Procedures for getting red packets:

When the user receives the push of the red envelope, the user can receive the red envelope through the message. 1. Parameter state judgment, judging whether the red envelope is expired, whether the red envelope is finished, whether the red envelope is repeated and other logic; 2. Generate red envelope receiving records; 3. Generate red envelopes for account entry and account entry for recipients. Generate balance flow and increase balance flow. 4. Reduce the frozen balance of the giver and complete the red envelope collection process.

High concurrency of red packets

High concurrency design

There will certainly be concurrent problems with group lucky red envelopes, such as when receiving wechat group red envelopes. A group of 200 people come to get a 200 yuan red envelope at the same time, 10 people can get the red envelope, from the user’s initiation to the receipt of the basic within 1-2 seconds. How to ensure that both efficient receipt, and can ensure that the amount can be correct, and will not be wrong account. The solution we use is the “one fast one slow” solution.

1. For the scenario of group red packets, we will first calculate the amount of red packets in advance. Then store it in Redis Key:redpacket:amount_list:#{id}The stored structure is a List collection. 2. We make one every time we pick it uprpopOperation, get the amount of red envelope. Since this is a Redis operation, it is very efficient.3. To ensure the persistence and reliability of data. We will generate a fetch record to the mysql database for persistence. 4, then send a red envelope to get the successful message out, in the bookkeeping service for subscription, asynchronous entry.

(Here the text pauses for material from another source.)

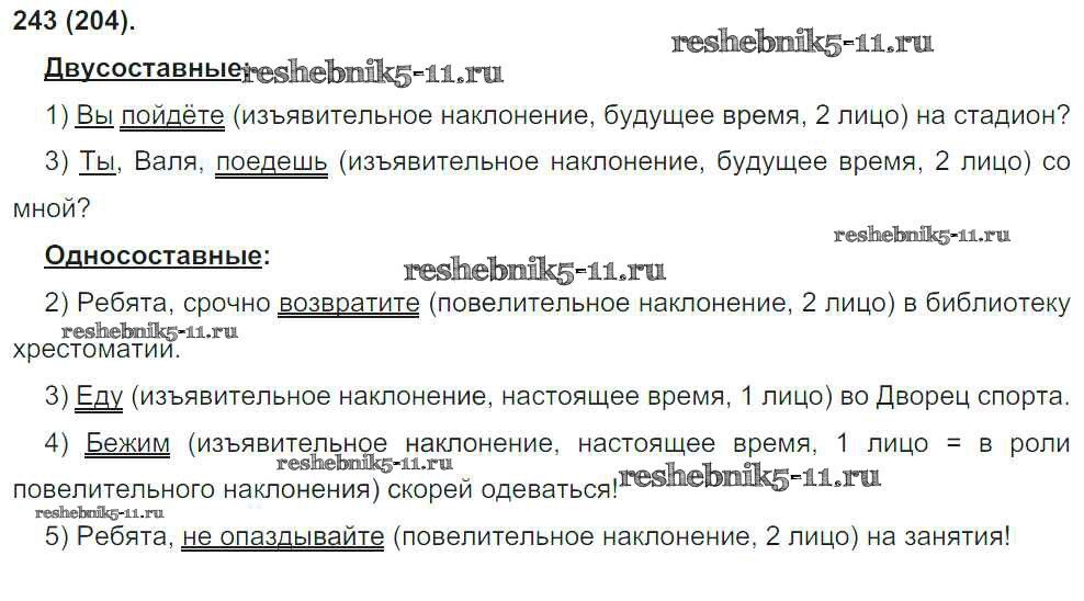 Готовая домашняя работа с ответами по Русскому языку за 8 класс Бархударов, Крючков, Максимов Учебник Просвещение 2018 ФГОС - Упражнения 243

The specific process is as follows:

Idempotent guarantee

In order to ensure that the process of receiving users orderly claim, and ensure that a user can only successfully claim once, if the second time to claim, we will remind that it has been claimed, can not be repeated. This is something we have to be very strict about in high concurrency scenarios. The key design of the lock is as follows: Redpacket :amount_list:#{id}_#{user_id} The advantage of this design is to ensure that only one valid request can enter the real processing logic in the current distributed system. Out security: 1, the increase in the receiving record user_id, redpacket_id as the only index. 2. Update the remaining amount of the red packet with optimistic lock (you can use @version of Tk. mapper).

Extensible design

In order to ensure extensible design, we adopted the strategy + template design model for low coupling design.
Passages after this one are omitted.